## Task brief
Line by line, repeat the data below exactly, beginning at the first line and ending at the line with "Civil boys yaprak". Omit pictures.

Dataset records
*****

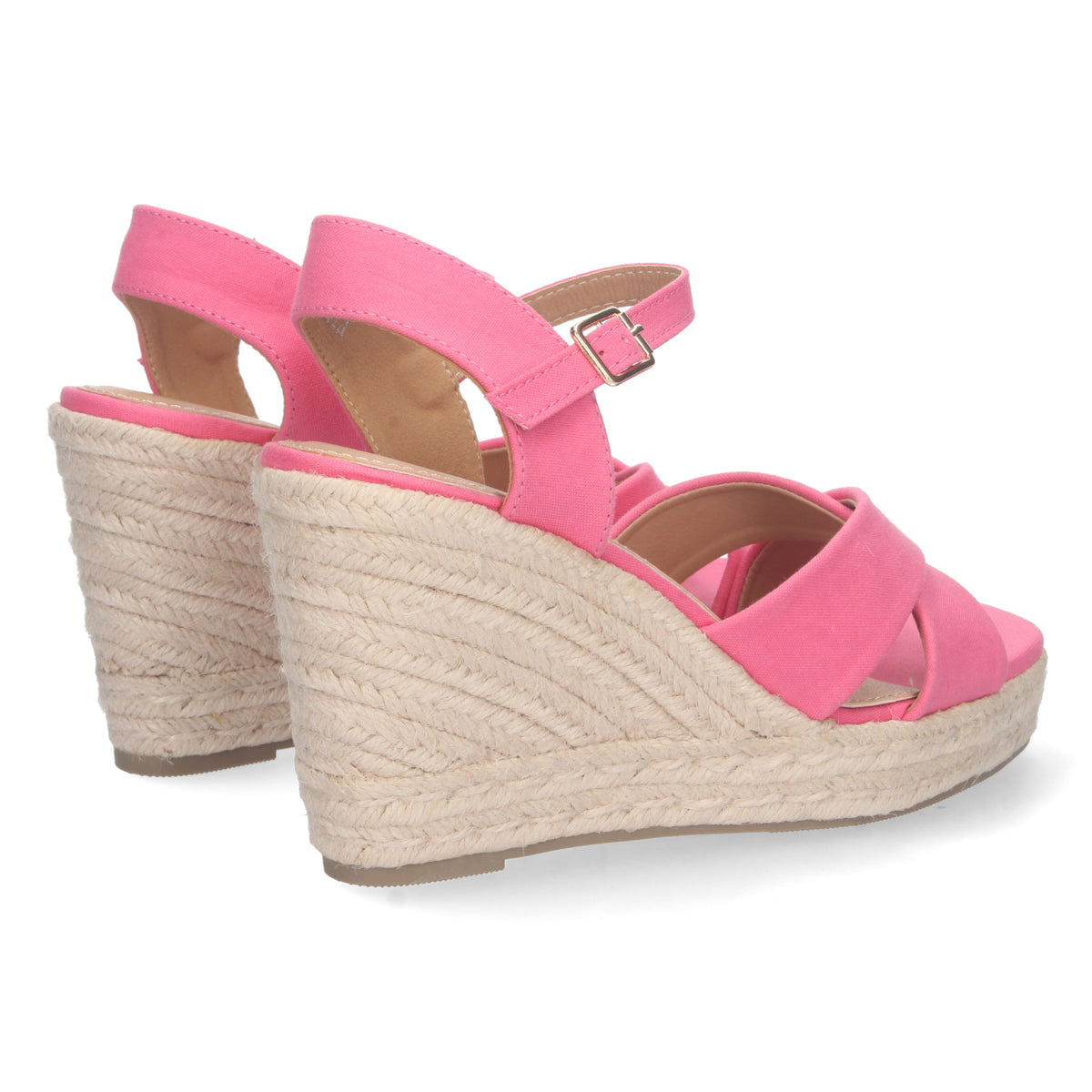 Sandalias Fucsia de Cuña y plataforma con palas cruzadas para Mujer
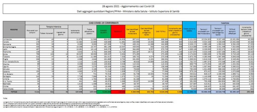 Sono 6.860 i nuovi contagi da Covid-19 in Italia a fronte di un boom di tamponi, 293.464 per un tasso di positività che scende al 2,3%. Lo si legge sul bollettino del 28 agosto pubblicato dal ministero della Salute. I decessi sono 54 mentre sono stabili i ricoveri negli ospedali. Le terapie intensive restano 511 come ieri mentre in area medica ci sono oggi 4.111 persone, tre in meno rispetto a 24 ore fa.
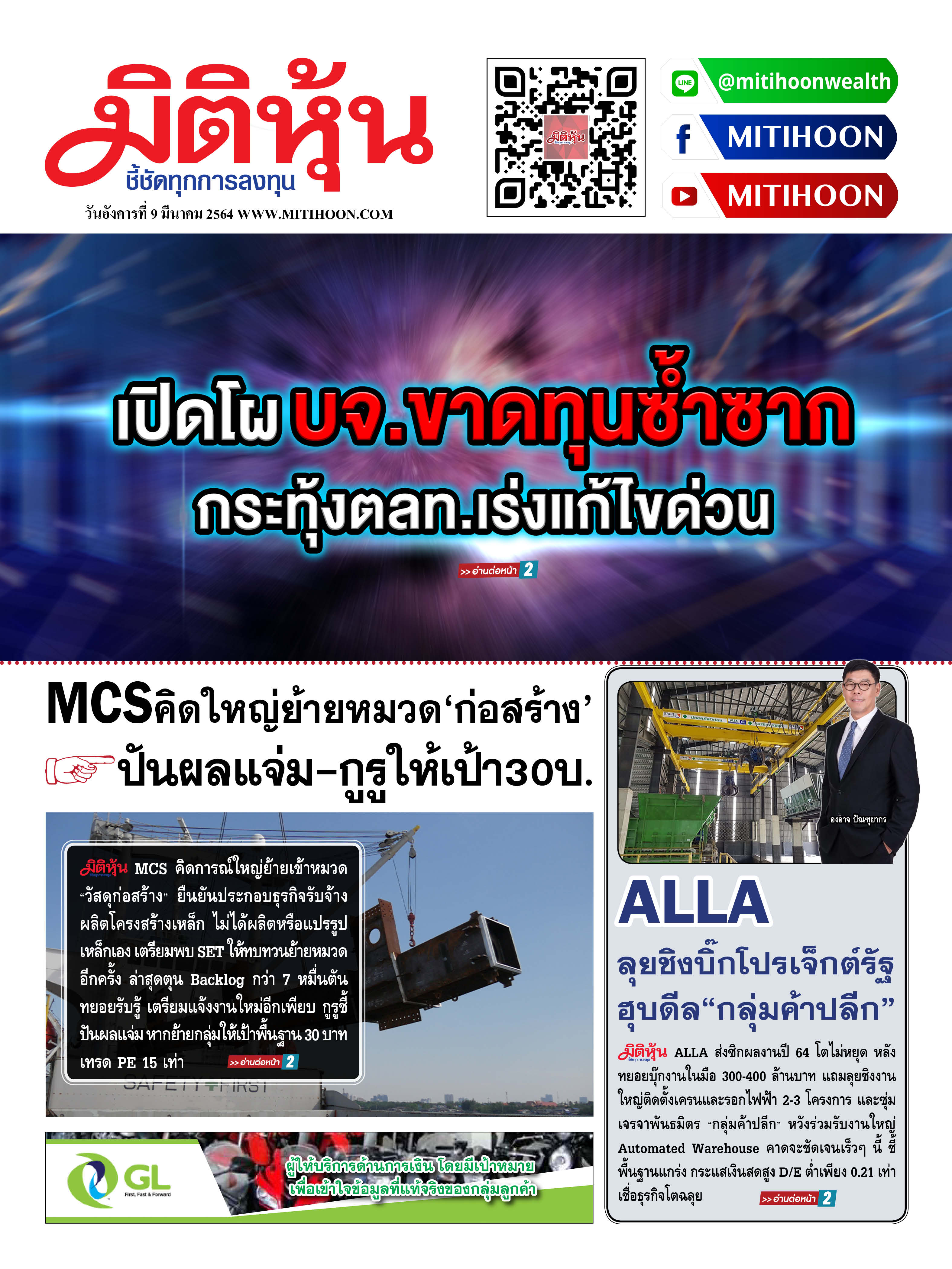 นสพ.มิติหุ้น “ชี้ชัดทุกการลงทุน” ฉบับวันที่ 9 มีนาคม 2564
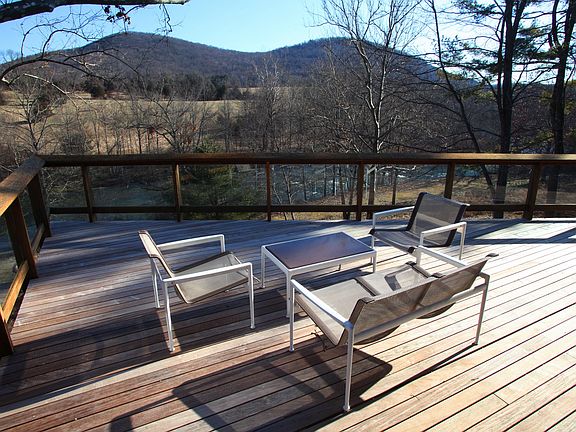 Recently renovated, furnished cottage In Dutchess County, NY is sited on 2.7 acres with dramatic views and direct river access. This sophisticated residence has a large living room with fireplace, a cooks gourmet kitchen with pantry, and a den. There are 2 bedrooms and 3 baths. Each bedroom has its own bath; the master suite has a Jacuzzi-style Ultrabath. Walls of windows and extensive decking allow for mountain and river views. There is central air and radiant heat. Secluded and private, this property is located near the Kent, CT area and is just minutes to Metro North. This is a summer rental, 2 month minimum. Also available as a yearly rental, $2,650 per month plus expenses. No pets.
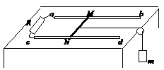 如图,在水平桌面上放置两条相距l的平行光滑金属导轨ab与cd,阻值为R的电阻与导轨的a、c端相连。金属滑杆MN垂直于导轨并可在导轨上滑动。整个装置放于匀强磁场中,磁场的方向竖直向上,磁感应强度的大小为B。滑杆与导轨电阻不计,滑杆的中点系一不可伸长的轻绳,绳绕过固定在桌边的光滑轻滑轮后,与一质量为m的物块相连,拉滑杆的绳处于水平拉直状态。现若从静止开始释放物块,用I表示回路中的感应电流,g表示重力加速度,则在物块下落过程中物块的速度可能 ( )
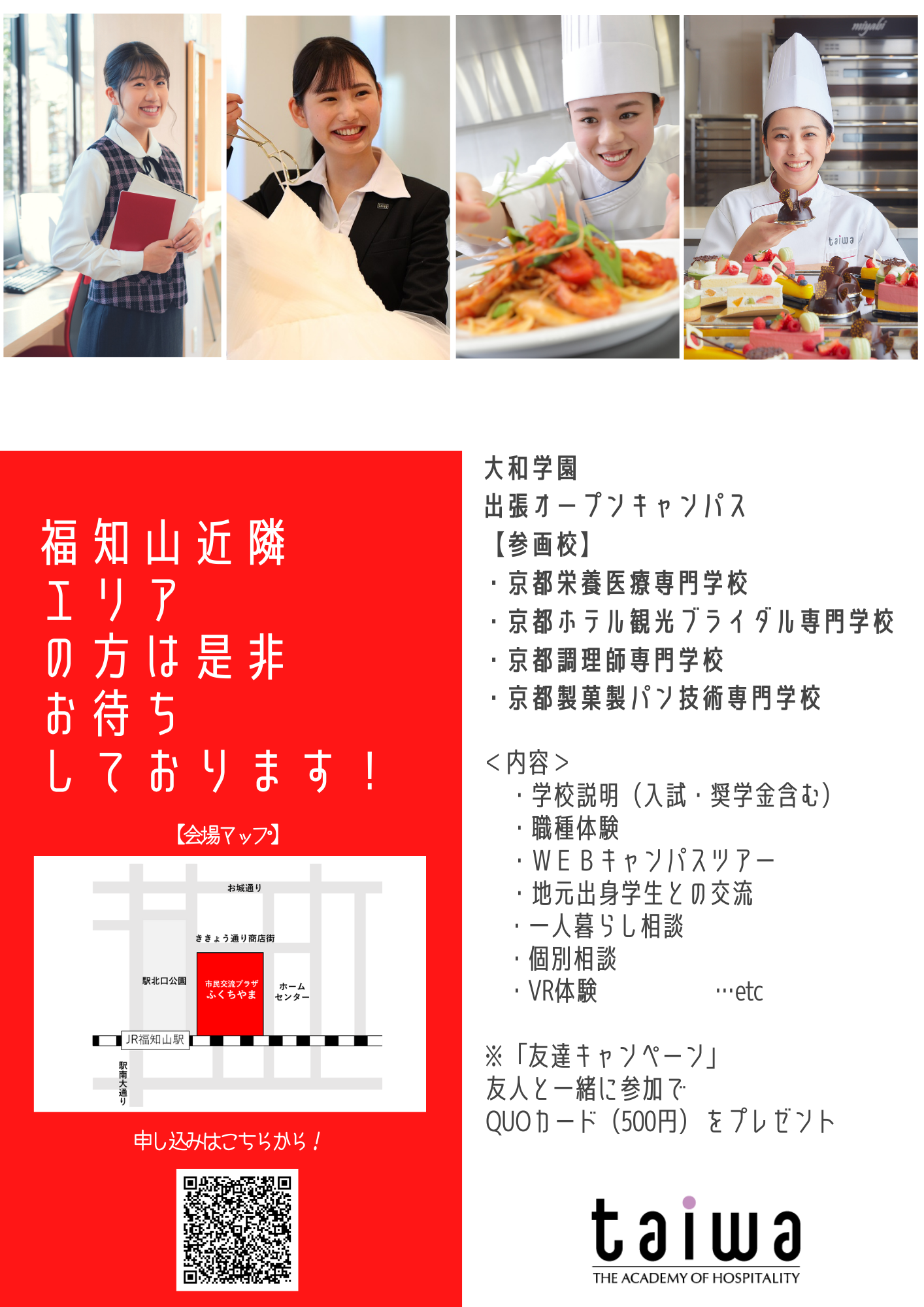 学校法人大和学園は栄養・医療事務・調理・製菓・製パン・ホテル・観光・ブライダル業界に興味がある高校生に対し、福知山市にて特別出張イベントを実施!ホスピタリティ業界をめざすすべての方を応援します。
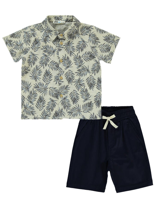 Civil boys yaprak baskılı kaprili 2-5 yaş takım - lacivert
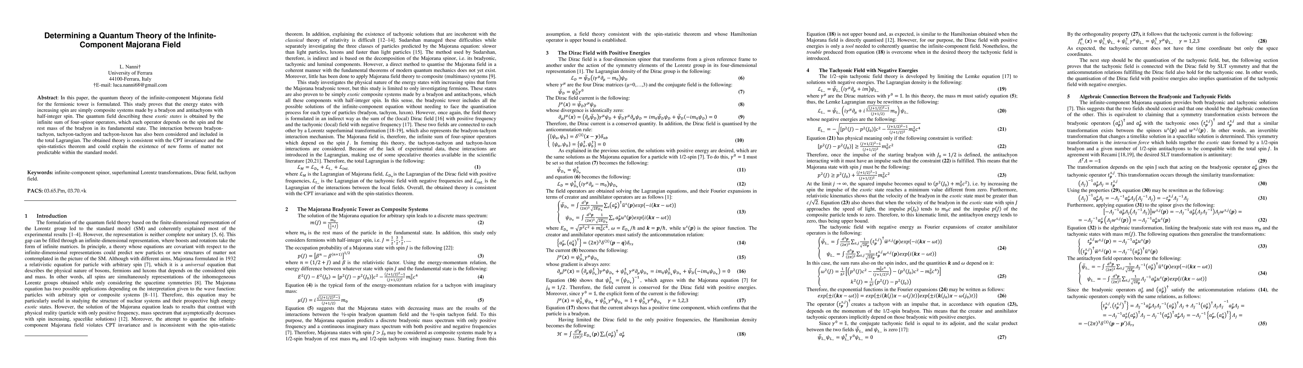 This paper proposes a quantum theory for the infinite-component Majorana field, which reveals exotic states made of bradyons and antitachyons with half-integer spin. The theory is consistent with known principles and could explain new forms of matter not predicted by the standard model.
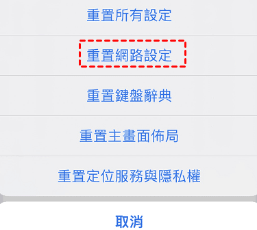爲了避免任何導致iPhon卡在傳輸數據上的未知網路問題,您也可以選擇重置網絡來排除這一問題的產生。
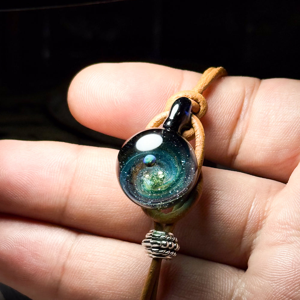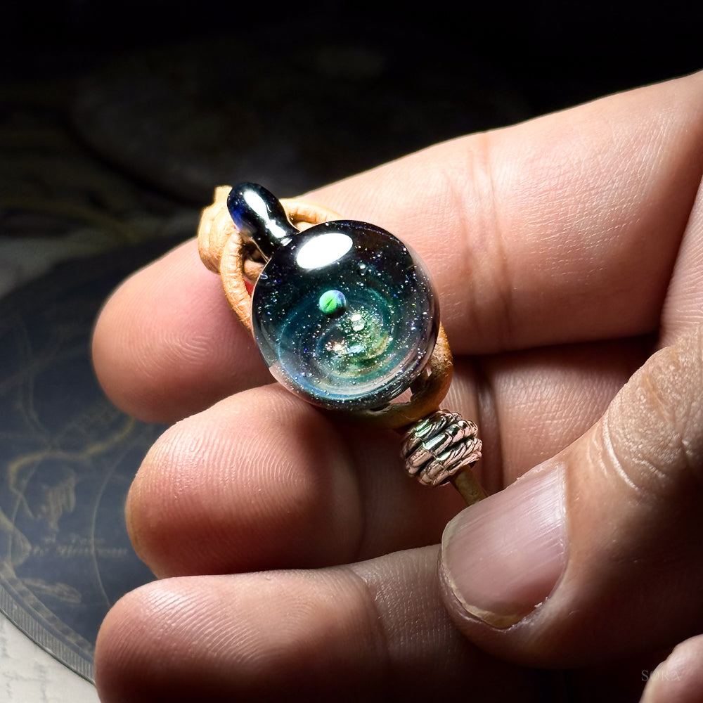 きらきらの銀河ペンダントはその名の通り、ガラスの中の宇宙を象徴する銀河のきらめきとオパールの惑星をとじこめた作品です。
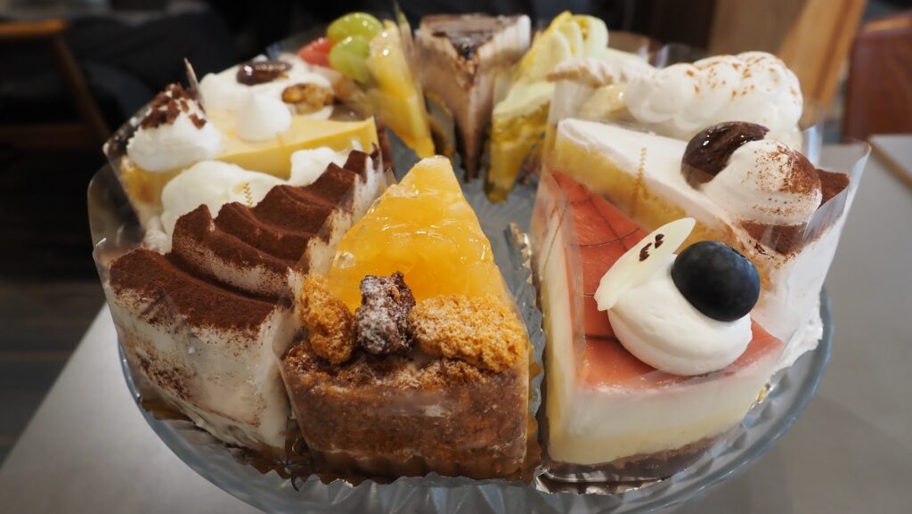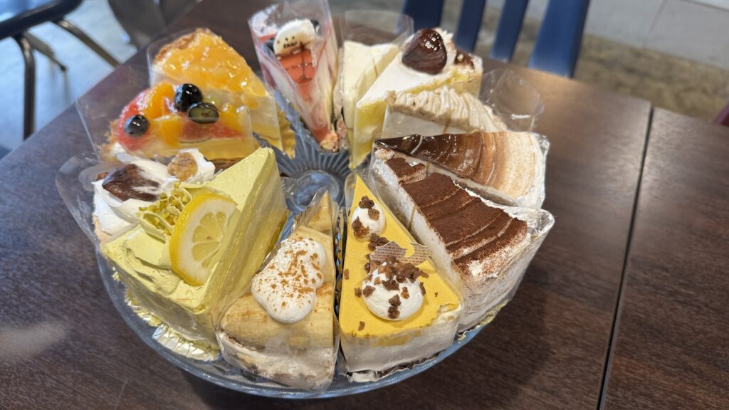 食後にスタッフの方が持参してくれる、豊富な種類のケーキ🍰

*****

## Written solution
 Sandalias Fucsia de Cuña y plataforma con palas cruzadas para Mujer
 Sono 6.860 i nuovi contagi da Covid-19 in Italia a fronte di un boom di tamponi, 293.464 per un tasso di positività che scende al 2,3%. Lo si legge sul bollettino del 28 agosto pubblicato dal ministero della Salute. I decessi sono 54 mentre sono stabili i ricoveri negli ospedali. Le terapie intensive restano 511 come ieri mentre in area medica ci sono oggi 4.111 persone, tre in meno rispetto a 24 ore fa.
 นสพ.มิติหุ้น “ชี้ชัดทุกการลงทุน” ฉบับวันที่ 9 มีนาคม 2564
 Recently renovated, furnished cottage In Dutchess County, NY is sited on 2.7 acres with dramatic views and direct river access. This sophisticated residence has a large living room with fireplace, a cooks gourmet kitchen with pantry, and a den. There are 2 bedrooms and 3 baths. Each bedroom has its own bath; the master suite has a Jacuzzi-style Ultrabath. Walls of windows and extensive decking allow for mountain and river views. There is central air and radiant heat. Secluded and private, this property is located near the Kent, CT area and is just minutes to Metro North. This is a summer rental, 2 month minimum. Also available as a yearly rental, $2,650 per month plus expenses. No pets.
 如图,在水平桌面上放置两条相距l的平行光滑金属导轨ab与cd,阻值为R的电阻与导轨的a、c端相连。金属滑杆MN垂直于导轨并可在导轨上滑动。整个装置放于匀强磁场中,磁场的方向竖直向上,磁感应强度的大小为B。滑杆与导轨电阻不计,滑杆的中点系一不可伸长的轻绳,绳绕过固定在桌边的光滑轻滑轮后,与一质量为m的物块相连,拉滑杆的绳处于水平拉直状态。现若从静止开始释放物块,用I表示回路中的感应电流,g表示重力加速度,则在物块下落过程中物块的速度可能 ( )
 学校法人大和学園は栄養・医療事務・調理・製菓・製パン・ホテル・観光・ブライダル業界に興味がある高校生に対し、福知山市にて特別出張イベントを実施!ホスピタリティ業界をめざすすべての方を応援します。
 Civil boys yaprak baskılı kaprili 2-5 yaş takım - lacivert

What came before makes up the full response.